Trigger	Conditions	Implementation
Manual	User runs `/recap`	`recapCommand.ts` calls the same underlying service
Auto	Terminal blurred (DECSET 1004 focus protocol) for ≥ 5 min + focus returns + stream is `Idle`	`useAwaySummary.ts` — 5min blur timer + `useFocus` event listener

Both paths funnel into a single function — generateSessionRecap() — to guarantee identical behavior. The auto-trigger is gated by general.showSessionRecap (default: off — explicit opt-in, so ambient LLM calls are never silently added to a user's bill); the manual command ignores that setting.

Architecture

┌────────────────────────────────────────────────────────────────────────┐
│                          AppContainer.tsx                              │
│   isFocused = useFocus()                                               │
│   isIdle = streamingState === Idle                                     │
│       │                                                                │
│       ├─→ useAwaySummary({enabled, config, isFocused, isIdle,          │
│       │       │             addItem})                                  │
│       │       └─→ 5 min blur timer + idle/dedupe gates                 │
│       │              │                                                 │
│       │              ↓                                                 │
│       └─→ recapCommand (slash) ─→ generateSessionRecap(config, signal) │
│                                          │                             │
│                                          ↓                             │
│                              ┌─────────────────────────┐               │
│                              │ packages/core/services/ │               │
│                              │   sessionRecap.ts       │               │
│                              └─────────────────────────┘               │
│                                          │                             │
│                                          ↓                             │
│                              GeminiClient.generateContent              │
│                              (fastModel + tools:[])                    │
│                                                                        │
│   addItem({type: 'away_recap', text}) ─→ HistoryItemDisplay            │
│       └─ AwayRecapMessage rendered inline like any other history       │
│         item (※ + bold "recap: " + italic content, all dim);           │
│         scrolls naturally with the conversation. Mirrors Claude        │
│         Code's away_summary system message.                            │
└────────────────────────────────────────────────────────────────────────┘

Files

File	Responsibility
`packages/core/src/services/sessionRecap.ts`	One-shot LLM call + history filter + tag extraction
`packages/cli/src/ui/hooks/useAwaySummary.ts`	Auto-trigger React hook
`packages/cli/src/ui/commands/recapCommand.ts`	`/recap` manual entry point
`packages/cli/src/ui/components/messages/StatusMessages.tsx`	`AwayRecapMessage` renderer (`※` + bold `recap:` + italic content, all dim)
`packages/cli/src/ui/types.ts`	`HistoryItemAwayRecap` type
`packages/cli/src/ui/components/HistoryItemDisplay.tsx`	Dispatches `away_recap` history items to the renderer
`packages/cli/src/config/settingsSchema.ts`	`general.showSessionRecap` + `general.sessionRecapAwayThresholdMinutes` settings

Prompt Design

System Prompt

generationConfig.systemInstruction replaces the main agent's system prompt for this single call, so the model behaves only as a recap generator and not as a coding assistant.
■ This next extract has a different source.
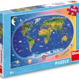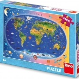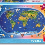 This world map jigsaw with illustrations is ideal for all little travelers. Show kids the means of transport and animal inhabitants of all continents. Assembling the 300 XL pieces is not only fun but also educational.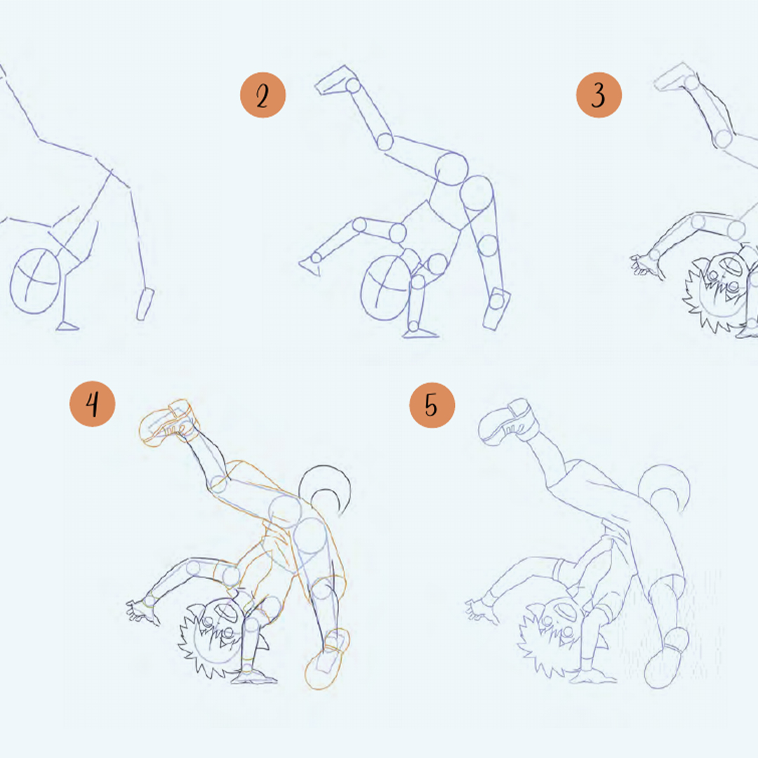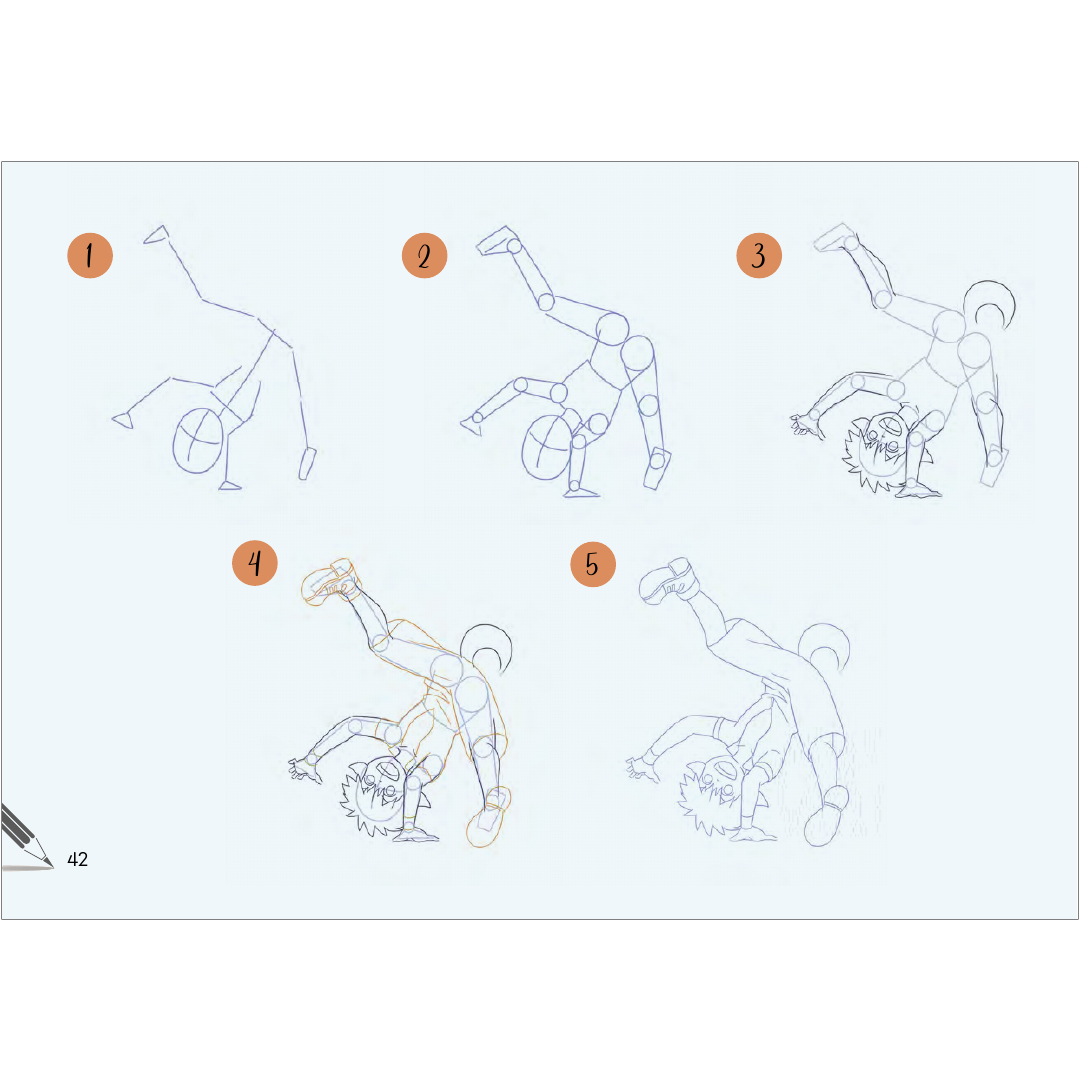 Wähle aus einer Vielzahl von Charakteren, darunter ein zauberwirkender Magier, ein fliegender Engel, ein rennendes Schulmädchen und ein farbenfroher Popstar – in zahlreichen dynamischen Posen, alle voller Persönlichkeit und Stil. Jede Figur wird in acht einfachen Schritten entwickelt, von einer groben Skizze der Grundformen bis zur fertigen, kolorierten Zeichnung. Das macht dieses Buch ideal für Erwachsene und Kinder aller Altersstufen und Fähigkeiten.

Note that GeminiClient.generateContent() internally runs the prompt through getCustomSystemPrompt(), which appends the user's memory (QWEN.md / managed auto-memory) as a suffix. The final system prompt is therefore recap prompt + user memory — useful project context for the recap, not a leak.

Bullets below correspond 1:1 with RECAP_SYSTEM_PROMPT:

Under 40 words, 1-2 plain sentences (no markdown / lists / headings). For Chinese, treat the budget as roughly 80 characters total.
First sentence: the high-level task. Then: the concrete next step.
Explicitly forbid: listing what was done, reciting tool calls, status reports.
Match the dominant language of the conversation (English or Chinese).
Wrap output in <recap>...</recap>; nothing outside the tags.

Structured Output + Extraction

The model is instructed to wrap its answer in <recap>...</recap>:

<recap>Refactoring loopDetectionService.ts to address long-session OOM. Next step is to implement option B.</recap>

Why: some models (GLM family, reasoning models) write a "thinking" paragraph before the final answer. Returning the raw text would leak that reasoning into the UI.

extractRecap() has three fallback tiers:

Both tags present: take what is between <recap>...</recap> (preferred).
Only the open tag (e.g. maxOutputTokens truncated the close tag): take everything after the open tag.
Tag missing entirely: return empty string → service returns null → UI renders nothing.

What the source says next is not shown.